## Exercise description
Would you output the entries below only from the line containing "Comfortable and bright" through the line containing "2024年第二届中国-泰国商", exactly as they stand and with both ends included?
BEGIN
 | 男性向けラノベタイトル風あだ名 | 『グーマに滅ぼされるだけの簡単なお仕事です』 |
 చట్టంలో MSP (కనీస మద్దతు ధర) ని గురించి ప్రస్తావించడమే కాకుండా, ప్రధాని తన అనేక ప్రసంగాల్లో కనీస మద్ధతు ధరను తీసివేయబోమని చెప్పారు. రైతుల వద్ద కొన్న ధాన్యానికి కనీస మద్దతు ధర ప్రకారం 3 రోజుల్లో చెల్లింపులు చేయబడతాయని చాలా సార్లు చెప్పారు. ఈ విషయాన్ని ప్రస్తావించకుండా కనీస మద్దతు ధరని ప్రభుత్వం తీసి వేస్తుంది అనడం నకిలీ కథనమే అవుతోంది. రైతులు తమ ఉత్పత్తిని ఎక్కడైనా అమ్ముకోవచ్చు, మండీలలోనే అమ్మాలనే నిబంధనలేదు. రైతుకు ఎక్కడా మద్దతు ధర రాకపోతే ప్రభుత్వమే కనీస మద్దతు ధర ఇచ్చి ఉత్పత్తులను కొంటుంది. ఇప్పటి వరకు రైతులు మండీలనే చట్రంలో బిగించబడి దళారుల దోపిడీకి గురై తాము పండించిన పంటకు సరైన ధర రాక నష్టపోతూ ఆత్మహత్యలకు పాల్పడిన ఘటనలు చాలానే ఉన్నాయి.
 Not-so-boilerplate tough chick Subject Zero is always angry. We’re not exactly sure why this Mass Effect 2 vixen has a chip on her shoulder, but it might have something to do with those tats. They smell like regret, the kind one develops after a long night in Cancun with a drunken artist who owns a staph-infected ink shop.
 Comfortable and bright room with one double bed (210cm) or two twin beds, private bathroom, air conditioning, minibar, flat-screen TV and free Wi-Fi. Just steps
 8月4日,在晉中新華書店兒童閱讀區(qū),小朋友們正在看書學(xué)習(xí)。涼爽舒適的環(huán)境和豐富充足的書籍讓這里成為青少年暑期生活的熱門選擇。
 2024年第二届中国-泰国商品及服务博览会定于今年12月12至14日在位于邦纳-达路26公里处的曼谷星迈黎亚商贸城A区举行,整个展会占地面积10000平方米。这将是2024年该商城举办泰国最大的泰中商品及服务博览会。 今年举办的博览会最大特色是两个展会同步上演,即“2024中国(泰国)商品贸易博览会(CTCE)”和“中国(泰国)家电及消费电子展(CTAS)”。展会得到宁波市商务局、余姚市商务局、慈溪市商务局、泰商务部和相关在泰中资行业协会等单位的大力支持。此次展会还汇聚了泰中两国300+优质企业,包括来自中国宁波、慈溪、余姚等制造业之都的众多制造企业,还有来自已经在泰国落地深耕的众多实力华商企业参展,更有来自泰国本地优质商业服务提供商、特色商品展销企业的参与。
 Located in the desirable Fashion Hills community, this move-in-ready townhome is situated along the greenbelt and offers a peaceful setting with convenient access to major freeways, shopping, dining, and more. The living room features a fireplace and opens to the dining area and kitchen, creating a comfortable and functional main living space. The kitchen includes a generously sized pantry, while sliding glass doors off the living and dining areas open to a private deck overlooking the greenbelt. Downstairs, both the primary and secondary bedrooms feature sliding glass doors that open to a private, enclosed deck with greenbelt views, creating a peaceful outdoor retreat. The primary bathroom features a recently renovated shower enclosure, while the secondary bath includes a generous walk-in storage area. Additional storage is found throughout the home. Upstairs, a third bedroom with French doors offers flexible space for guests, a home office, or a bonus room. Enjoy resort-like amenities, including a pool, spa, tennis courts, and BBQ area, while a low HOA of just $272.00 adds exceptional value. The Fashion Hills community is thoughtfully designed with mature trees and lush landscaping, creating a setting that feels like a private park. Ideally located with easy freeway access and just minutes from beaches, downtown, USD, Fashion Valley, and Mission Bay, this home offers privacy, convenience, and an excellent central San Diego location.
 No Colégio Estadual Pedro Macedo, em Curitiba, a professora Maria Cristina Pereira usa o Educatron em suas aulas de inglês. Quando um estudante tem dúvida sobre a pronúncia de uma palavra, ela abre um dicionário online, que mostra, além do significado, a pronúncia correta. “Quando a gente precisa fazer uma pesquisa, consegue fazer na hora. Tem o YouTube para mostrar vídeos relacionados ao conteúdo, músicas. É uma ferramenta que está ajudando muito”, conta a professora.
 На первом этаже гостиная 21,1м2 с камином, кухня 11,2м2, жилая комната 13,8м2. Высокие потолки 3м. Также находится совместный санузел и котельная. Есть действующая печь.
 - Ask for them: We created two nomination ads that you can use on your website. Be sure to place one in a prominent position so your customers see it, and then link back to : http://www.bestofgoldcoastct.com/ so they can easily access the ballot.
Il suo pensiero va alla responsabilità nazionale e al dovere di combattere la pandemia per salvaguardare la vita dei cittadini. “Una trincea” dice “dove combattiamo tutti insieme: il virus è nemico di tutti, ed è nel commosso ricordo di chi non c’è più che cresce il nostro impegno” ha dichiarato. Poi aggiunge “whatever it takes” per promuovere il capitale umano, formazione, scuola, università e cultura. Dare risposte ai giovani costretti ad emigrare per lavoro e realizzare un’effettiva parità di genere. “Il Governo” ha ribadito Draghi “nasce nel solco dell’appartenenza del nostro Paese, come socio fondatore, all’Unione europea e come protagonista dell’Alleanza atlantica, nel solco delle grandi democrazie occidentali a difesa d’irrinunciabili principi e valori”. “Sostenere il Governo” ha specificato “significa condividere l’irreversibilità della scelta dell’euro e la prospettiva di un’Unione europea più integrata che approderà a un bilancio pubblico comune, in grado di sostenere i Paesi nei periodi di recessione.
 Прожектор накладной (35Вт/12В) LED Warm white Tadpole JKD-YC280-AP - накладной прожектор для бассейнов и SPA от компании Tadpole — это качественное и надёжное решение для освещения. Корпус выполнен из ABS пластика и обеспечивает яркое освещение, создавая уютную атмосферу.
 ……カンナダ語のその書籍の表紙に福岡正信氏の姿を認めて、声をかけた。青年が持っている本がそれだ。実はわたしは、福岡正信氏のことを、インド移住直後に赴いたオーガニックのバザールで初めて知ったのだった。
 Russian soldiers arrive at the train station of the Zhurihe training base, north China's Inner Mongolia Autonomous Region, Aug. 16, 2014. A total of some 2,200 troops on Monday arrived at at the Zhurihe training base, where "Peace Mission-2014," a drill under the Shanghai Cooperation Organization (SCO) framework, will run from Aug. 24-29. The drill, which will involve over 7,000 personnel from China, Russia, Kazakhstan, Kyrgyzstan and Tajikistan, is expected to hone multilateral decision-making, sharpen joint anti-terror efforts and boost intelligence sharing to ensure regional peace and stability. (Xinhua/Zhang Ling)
END
## Solution to the exercise
 Comfortable and bright room with one double bed (210cm) or two twin beds, private bathroom, air conditioning, minibar, flat-screen TV and free Wi-Fi. Just steps
 8月4日,在晉中新華書店兒童閱讀區(qū),小朋友們正在看書學(xué)習(xí)。涼爽舒適的環(huán)境和豐富充足的書籍讓這里成為青少年暑期生活的熱門選擇。
 2024年第二届中国-泰国商品及服务博览会定于今年12月12至14日在位于邦纳-达路26公里处的曼谷星迈黎亚商贸城A区举行,整个展会占地面积10000平方米。这将是2024年该商城举办泰国最大的泰中商品及服务博览会。 今年举办的博览会最大特色是两个展会同步上演,即“2024中国(泰国)商品贸易博览会(CTCE)”和“中国(泰国)家电及消费电子展(CTAS)”。展会得到宁波市商务局、余姚市商务局、慈溪市商务局、泰商务部和相关在泰中资行业协会等单位的大力支持。此次展会还汇聚了泰中两国300+优质企业,包括来自中国宁波、慈溪、余姚等制造业之都的众多制造企业,还有来自已经在泰国落地深耕的众多实力华商企业参展,更有来自泰国本地优质商业服务提供商、特色商品展销企业的参与。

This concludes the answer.